▶ **TASK INSTRUCTIONS**
Look through the entries for the string "สวนหล", and copy each line that holds it.

▶ **Source records**
--------------------------------

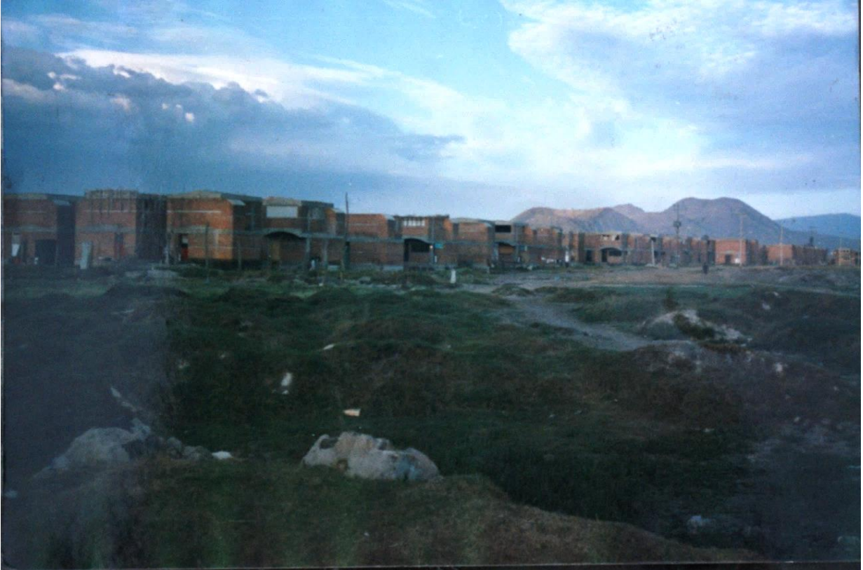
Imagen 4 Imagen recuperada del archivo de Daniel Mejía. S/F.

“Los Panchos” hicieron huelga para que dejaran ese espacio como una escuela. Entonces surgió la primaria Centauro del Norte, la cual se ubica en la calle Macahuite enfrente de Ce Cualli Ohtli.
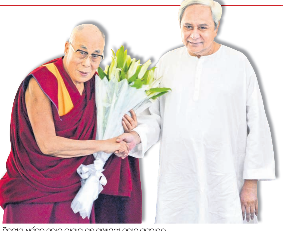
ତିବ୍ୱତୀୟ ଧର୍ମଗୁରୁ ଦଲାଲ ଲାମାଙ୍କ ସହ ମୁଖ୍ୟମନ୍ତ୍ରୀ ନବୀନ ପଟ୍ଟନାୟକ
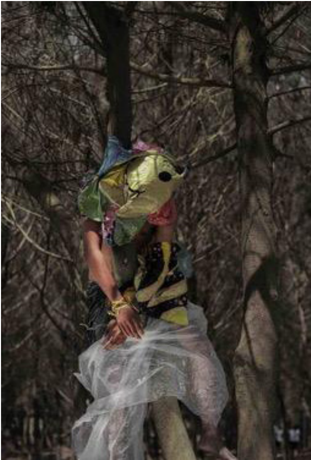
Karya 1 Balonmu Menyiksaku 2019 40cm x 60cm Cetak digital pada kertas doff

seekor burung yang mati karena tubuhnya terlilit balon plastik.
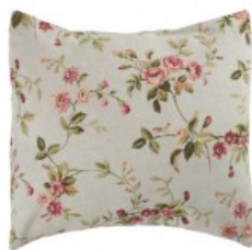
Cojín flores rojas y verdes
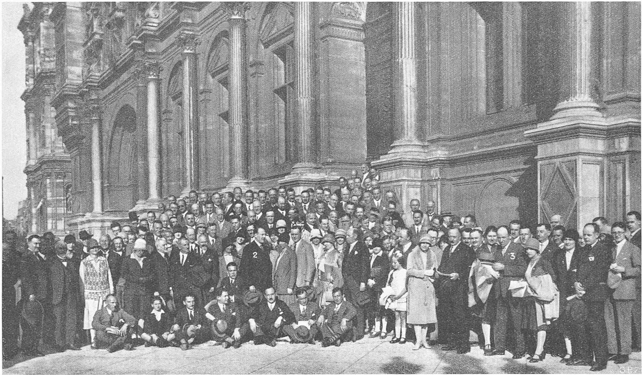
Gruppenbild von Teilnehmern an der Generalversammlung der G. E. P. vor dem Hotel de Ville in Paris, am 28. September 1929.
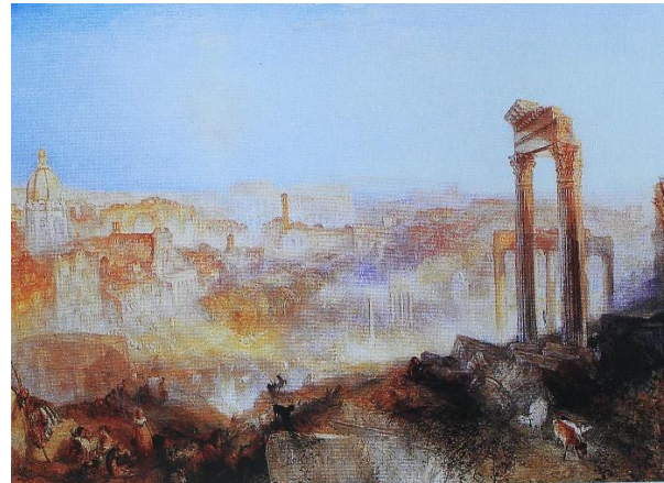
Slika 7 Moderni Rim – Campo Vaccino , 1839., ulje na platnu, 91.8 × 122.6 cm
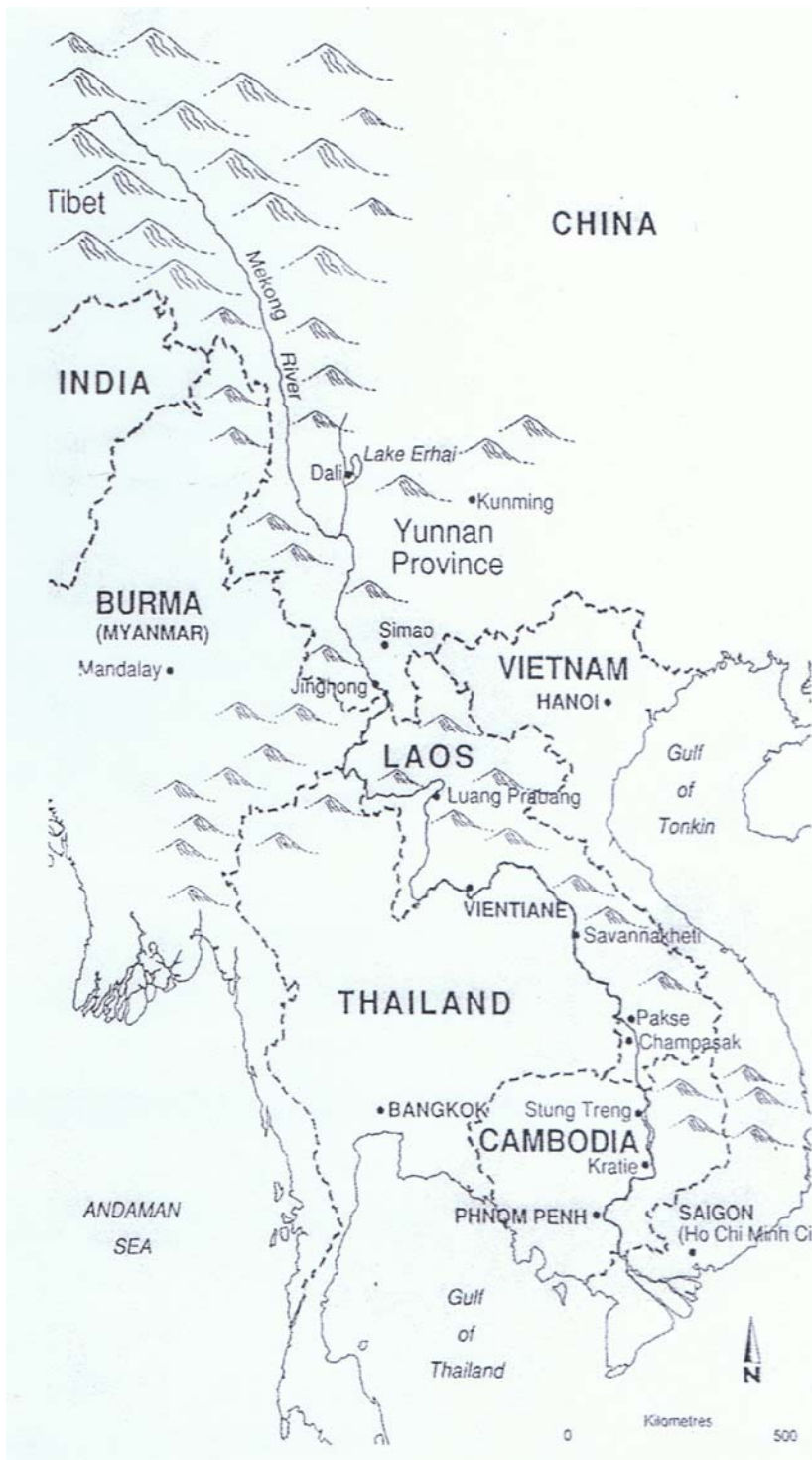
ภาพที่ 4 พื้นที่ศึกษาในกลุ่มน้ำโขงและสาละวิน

--------------------------------

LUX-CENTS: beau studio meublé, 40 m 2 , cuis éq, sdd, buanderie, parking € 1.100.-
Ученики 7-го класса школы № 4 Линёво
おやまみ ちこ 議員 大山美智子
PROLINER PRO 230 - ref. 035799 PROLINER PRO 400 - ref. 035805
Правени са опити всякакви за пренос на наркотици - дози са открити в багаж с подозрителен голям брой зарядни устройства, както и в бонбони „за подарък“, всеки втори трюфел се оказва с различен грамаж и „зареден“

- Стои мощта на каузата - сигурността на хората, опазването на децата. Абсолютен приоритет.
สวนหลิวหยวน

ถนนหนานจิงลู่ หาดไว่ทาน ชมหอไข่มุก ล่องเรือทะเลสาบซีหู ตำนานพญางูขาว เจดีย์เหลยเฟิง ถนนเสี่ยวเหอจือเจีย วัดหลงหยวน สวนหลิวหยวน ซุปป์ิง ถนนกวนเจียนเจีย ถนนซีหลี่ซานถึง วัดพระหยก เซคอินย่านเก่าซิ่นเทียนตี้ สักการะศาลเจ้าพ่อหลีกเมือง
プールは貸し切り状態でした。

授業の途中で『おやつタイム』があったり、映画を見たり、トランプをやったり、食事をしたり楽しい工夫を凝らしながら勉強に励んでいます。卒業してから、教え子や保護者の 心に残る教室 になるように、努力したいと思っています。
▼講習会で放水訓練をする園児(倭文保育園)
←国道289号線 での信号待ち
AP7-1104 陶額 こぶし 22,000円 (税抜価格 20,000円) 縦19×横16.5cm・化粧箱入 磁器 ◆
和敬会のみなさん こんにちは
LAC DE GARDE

--------------------------------

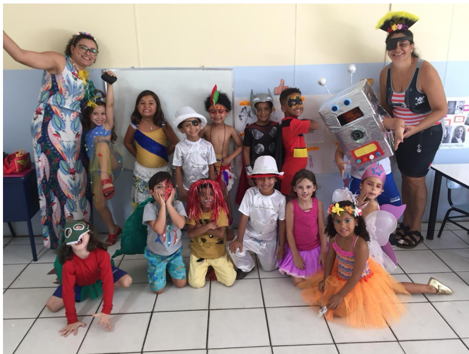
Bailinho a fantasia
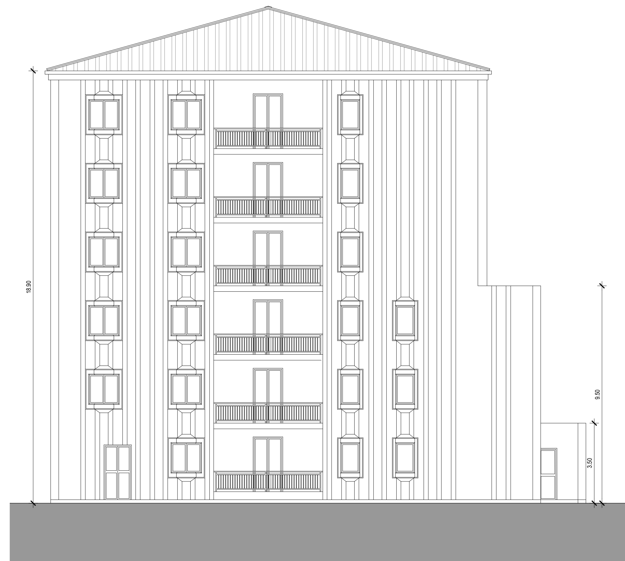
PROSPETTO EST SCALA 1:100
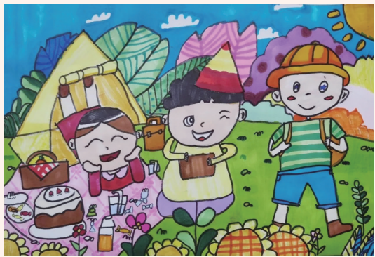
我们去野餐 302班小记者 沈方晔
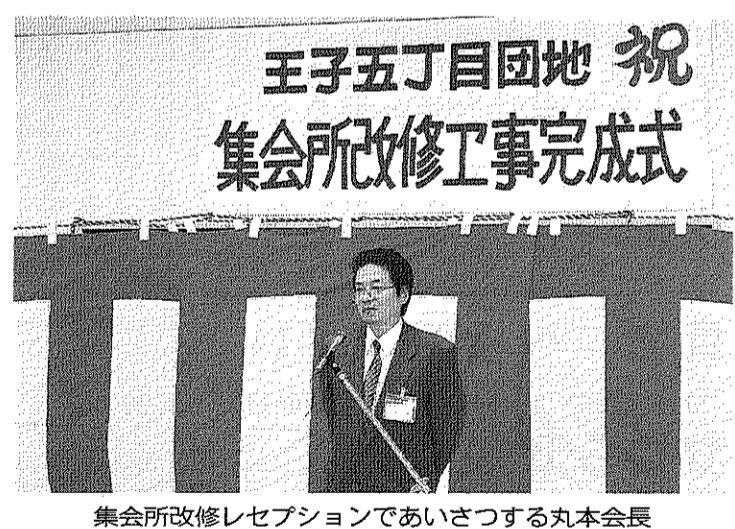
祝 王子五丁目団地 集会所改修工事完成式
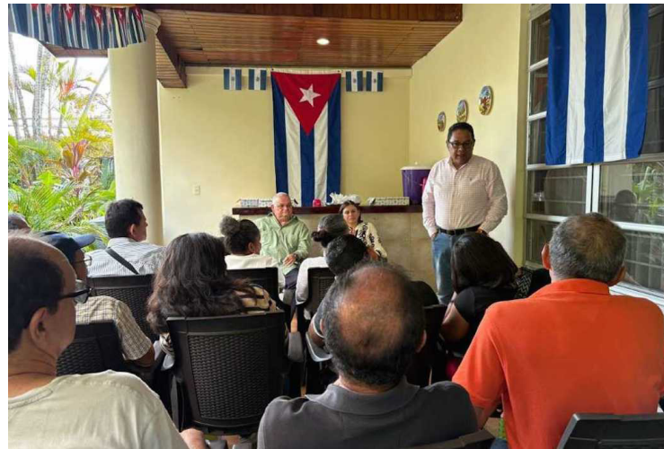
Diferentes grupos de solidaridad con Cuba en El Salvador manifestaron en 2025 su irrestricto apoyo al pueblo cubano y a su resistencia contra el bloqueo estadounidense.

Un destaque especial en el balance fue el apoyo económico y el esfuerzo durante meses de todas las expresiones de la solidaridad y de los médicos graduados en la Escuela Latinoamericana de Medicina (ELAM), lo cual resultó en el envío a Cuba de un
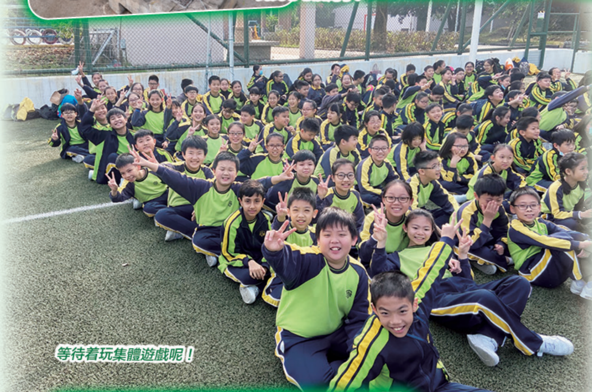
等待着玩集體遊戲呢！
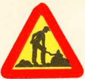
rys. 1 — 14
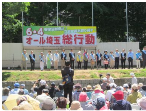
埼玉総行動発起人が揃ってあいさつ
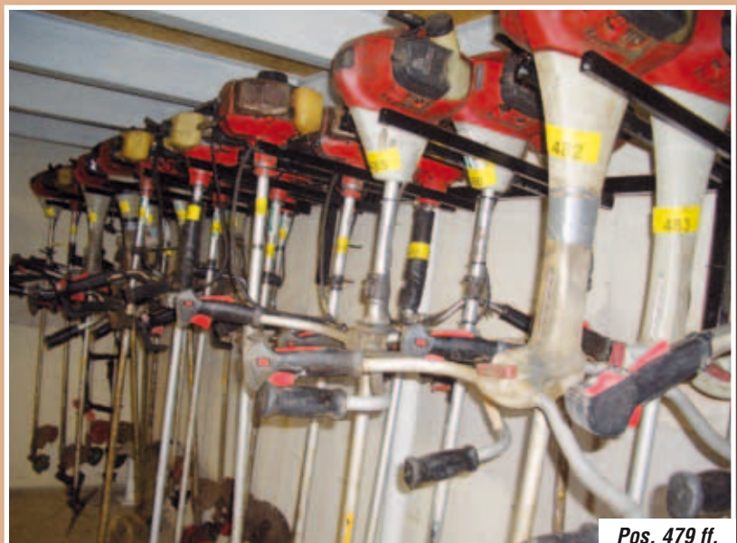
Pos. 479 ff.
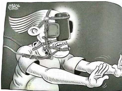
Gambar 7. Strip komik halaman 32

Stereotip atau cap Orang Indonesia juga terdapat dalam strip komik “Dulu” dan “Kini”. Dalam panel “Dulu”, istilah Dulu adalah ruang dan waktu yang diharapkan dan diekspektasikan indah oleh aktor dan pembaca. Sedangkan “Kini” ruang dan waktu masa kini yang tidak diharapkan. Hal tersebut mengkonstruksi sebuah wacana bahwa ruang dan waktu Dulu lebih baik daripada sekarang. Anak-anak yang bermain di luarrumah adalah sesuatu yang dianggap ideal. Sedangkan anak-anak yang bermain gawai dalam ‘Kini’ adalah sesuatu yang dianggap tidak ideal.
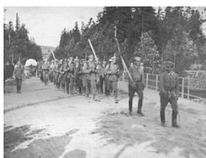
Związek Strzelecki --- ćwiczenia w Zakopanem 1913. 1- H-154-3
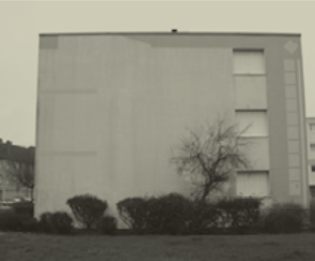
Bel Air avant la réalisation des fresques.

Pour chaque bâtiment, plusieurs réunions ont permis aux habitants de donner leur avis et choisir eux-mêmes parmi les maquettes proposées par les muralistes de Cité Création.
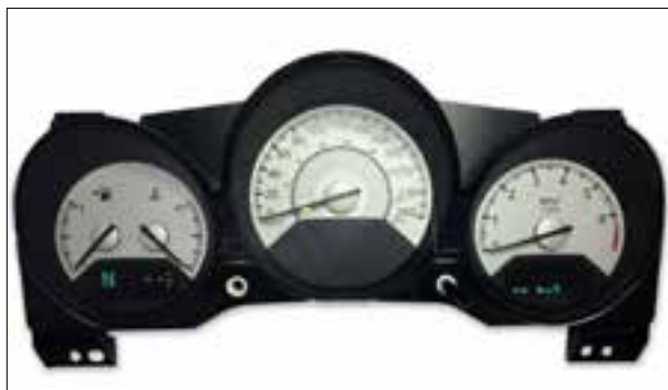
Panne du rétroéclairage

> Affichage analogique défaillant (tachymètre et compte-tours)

--------------------------------

▶ **EXPECTED ANSWER**
สวนหลิวหยวน
ถนนหนานจิงลู่ หาดไว่ทาน ชมหอไข่มุก ล่องเรือทะเลสาบซีหู ตำนานพญางูขาว เจดีย์เหลยเฟิง ถนนเสี่ยวเหอจือเจีย วัดหลงหยวน สวนหลิวหยวน ซุปป์ิง ถนนกวนเจียนเจีย ถนนซีหลี่ซานถึง วัดพระหยก เซคอินย่านเก่าซิ่นเทียนตี้ สักการะศาลเจ้าพ่อหลีกเมือง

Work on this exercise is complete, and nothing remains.